Problem importing excel file 110 fields, 550000 rows, access 2007

DavidCRT

New Member
Joined
Sep 26, 2013
Messages
3
Hi guys. Please help with this situation. I'm fighting with it from this morning and i'm desperate

I have an excel file as said in the title with 110000 fields and 550000 rows. I have eliminated all the potential symbols in the fields that are not compatible with access. When i try to import with the wizard i get error "subscript out of range" or the wizard does not found your file or it is closed, something like that. The excel file works perfectly, and if i cut and paste as trial 10 columns and 1000 rows the improts works perfectly. Si, considering that the file is 255 mb and the range respects access 2007 limits what could be the problems??

Please help, i'm desperate..
Thnx e ciao
Davide
 

Excel Facts

What does custom number format of ;;; mean?
Three semi-colons will hide the value in the cell. Although most people use white font instead.
Welcome to the Board!

Are there 110 fields, as your title suggests, or 110000 fields as your questions asks?
You can only have 255 fields in Access.

What happens if you try to link the Excel file instead of importing it?
 
Upvote 0
Hi Joe. Thanks for the welcome. 110 fields. I'm not able to choice for the link cause the process get blocked before the choice. It loads for some minutes and then say
subscript out of range..
 
Upvote 0
It sounds like the issue may be an entry that you have somewhere in one of your fields.
The problem with importing/linking Excel files in Access is that Excel and Access communicate and try to determine the format of each field themselves (instead of letting you choose). I believe that Excel looks at the first 10 tens to determine that. So if you have a field that has numeric entries in the first ten rows, but a text entry somewhere further on down the page, it will blow up.

Typically, I see this issue most with mixed data types, unexpected blanks or nulls in your data, or blank rows or trailer/total rows being included in your import range.

You can spend hours trying to figure out where the problem is occurring (Access isn't much help in telling you which field may be causing issues).
One work-around that many people employ is to export your Excel file to a CSV file (or some other type of Excel file). Then import that text file into Access. When you import a Text file into Access, you control the Format of each field. You can choose to set every field to Text to see if that will import it. If that does work, you can try converting the columns to their appropriate data type after conversion, and see if any data is being dropped.
 
Upvote 0
It sounds like the issue may be an entry that you have somewhere in one of your fields.
The problem with importing/linking Excel files in Access is that Excel and Access communicate and try to determine the format of each field themselves (instead of letting you choose). I believe that Excel looks at the first 10 tens to determine that. So if you have a field that has numeric entries in the first ten rows, but a text entry somewhere further on down the page, it will blow up.

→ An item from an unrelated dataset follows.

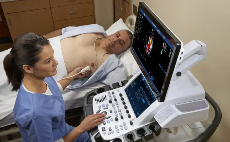A non-invasive medical imaging procedure that uses sound waves to create detailed images of the heart to detect heart conditions.

Typically, I see this issue most with mixed data types, unexpected blanks or nulls in your data, or blank rows or trailer/total rows being included in your import range.

You can spend hours trying to figure out where the problem is occurring (Access isn't much help in telling you which field may be causing issues).
One work-around that many people employ is to export your Excel file to a CSV file (or some other type of Excel file). Then import that text file into Access. When you import a Text file into Access, you control the Format of each field. You can choose to set every field to Text to see if that will import it. If that does work, you can try converting the columns to their appropriate data type after conversion, and see if any data is being dropped.


I have checked rapidly and there are some fields that are alphanumerical, and i have also some blank cells...I will try by removing aplhanumerical fields...But that's mean that access does not accep field like for instace alphanumerical codes??
 
Upvote 0
No, that is not what I am saying at all.

I am saying that if the top 10 rows of your data is not a good representation of what is contained below that, that is when problems occur (since Access is looking at the top 10 rows to determine what the data type for each column should be).
For example, if your first ten rows contain ALL numeric entries for a column, Access will probably set that column to a numeric data-type. So, is somewhere further on down that column there is a non-numeric entry, that is going to cause an issue..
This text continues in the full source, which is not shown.